The programme was interrupted by three short breaks, one for the news and two for commercial advertisements. After the last witness for the No side was called, Donal Barrington was given ten minutes to sum up the case for the Nos and T.A. Finlay had ten minutes for the Yeses, after which, to conclude the near-four-hour programme, Mr Justice Kingsmill Moore announced that the issue was now over to the Irish people to give their verdict in the upcoming referendum. The programme began at 8 p.m. and concluded at 11.52.
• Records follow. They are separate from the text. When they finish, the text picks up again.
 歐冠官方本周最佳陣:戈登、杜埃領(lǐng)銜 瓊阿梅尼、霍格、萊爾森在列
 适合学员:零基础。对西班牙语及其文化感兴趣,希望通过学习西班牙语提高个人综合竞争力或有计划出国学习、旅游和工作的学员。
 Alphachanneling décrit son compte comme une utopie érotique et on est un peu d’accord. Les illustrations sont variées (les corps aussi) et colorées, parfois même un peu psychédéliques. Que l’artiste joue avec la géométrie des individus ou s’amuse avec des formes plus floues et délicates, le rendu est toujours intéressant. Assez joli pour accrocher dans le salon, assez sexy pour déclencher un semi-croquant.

I do not remember the details of the argument at this remove, apart from the points made by Helga MacLiam mentioned above. The TV “trial” was doubtless referred to in the newspapers of the time, and it is a pity that RTE does not seem to have kept a record of such a unique programme, for it was certainly a significant moment in an important constitutional referendum. This form of TV “trial” was probably quite a good way of putting the basic positions of each side before interested members of the voting public.
Fourteen years later Donal Barrington (1928-2018) was the High Court judge who on Christmas Eve 1986 gave Raymond Crotty (1925-1994) his injunction against the deposit of the instrument of ratification of the Single European Act in Rome, which in turn led to the constitutional referendum on that treaty. In time Judge Barrington became a strong supporter of European supranationalism and was the only Supreme Court judge – out of five altogether – to reject Anthony Coughlan’s contention in the 2000 Coughlan case that RTE had acted illegally and unconstitutionally in the way it allocated free broadcasting time in referendums, and specifically in the 1995 Divorce referendum.
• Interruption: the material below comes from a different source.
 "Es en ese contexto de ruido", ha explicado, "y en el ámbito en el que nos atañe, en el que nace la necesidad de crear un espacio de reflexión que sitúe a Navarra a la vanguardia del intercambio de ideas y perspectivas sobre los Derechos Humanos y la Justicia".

T.A. Finlay (1922-2017) in time became Chief Justice of Ireland and following his retirement he was appointed the first chairman of the statutory Referendum Commission that was set up to give both sides of the argument in the Amsterdam Treaty and Good Friday Agreement referendums in 1998. He did that job fairly and objectively, as he did later in the first Nice Treaty referendum in 2001 – which was indeed why the Bertie Ahern Government then in office took away the Yes/No function from the Commission to help get the Nice Two referendum through in the following year. Since that date all chairmen of Referendum Commissions in Irish constitutional referendums have been High Court judges and so open to Government patronage by being promoted to the Irish Supreme Court or the European Court in a way that retired judges are not. As such they have tended to accommodate the Government side on these occasions, particularly in contentious referendums.
John Cooke (1944-2022) became a leading Senior Counsel who specialised in EU competition cases, and then a judge of the Irish High Court and the EU Court of First Instance. Dr Froschmaier became Director of Information for the EU in 1981-1987 and then Minister of Economics, Technology and Transport in the German state government of Schleswig-Holstein.
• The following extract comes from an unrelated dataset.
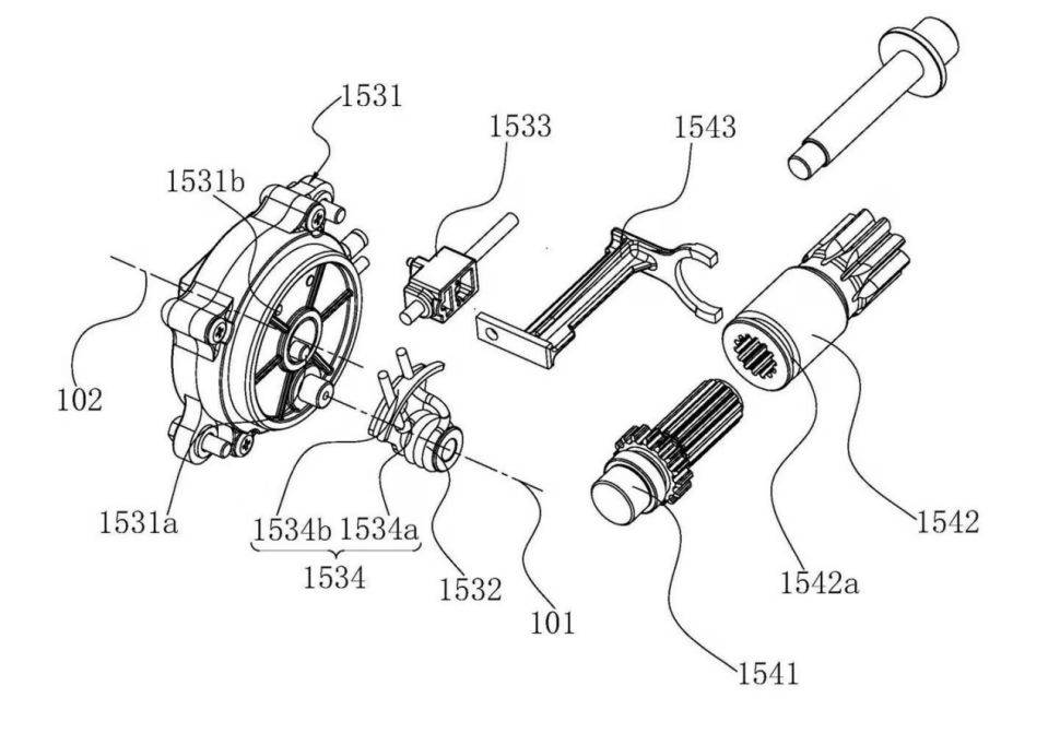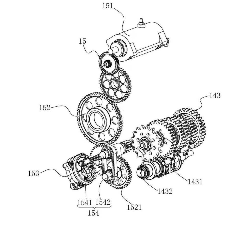 專利曝光:起動電機(jī)驅(qū)動倒車,結(jié)合電子控制系統(tǒng)根據(jù) 春風(fēng) 提交的專利,1250TR-G 的電動倒車系統(tǒng)是通過起動馬達(dá)驅(qū)動,與多數(shù)高端旅跑車型采用的機(jī)制相似。 起動馬達(dá)(151 號)位于 V 型引擎的夾角內(nèi),原本僅負(fù)責(zé)啟動引擎,如今透過額外齒輪機(jī)構(gòu)(152 號)與電子作動器,可以在特定條件下讓摩托車倒退。

Michael Sweetman, who was Chief Executive of the Irish Council of the European Movement and organised the case for joining the EEC in this “Late Late Special”, was killed in the Staines, London, air crash, some months after the May 1972 referendum, together with several leading Irish businessmen who were going to Brussels for discussions with officials there on Ireland’s EEC accession.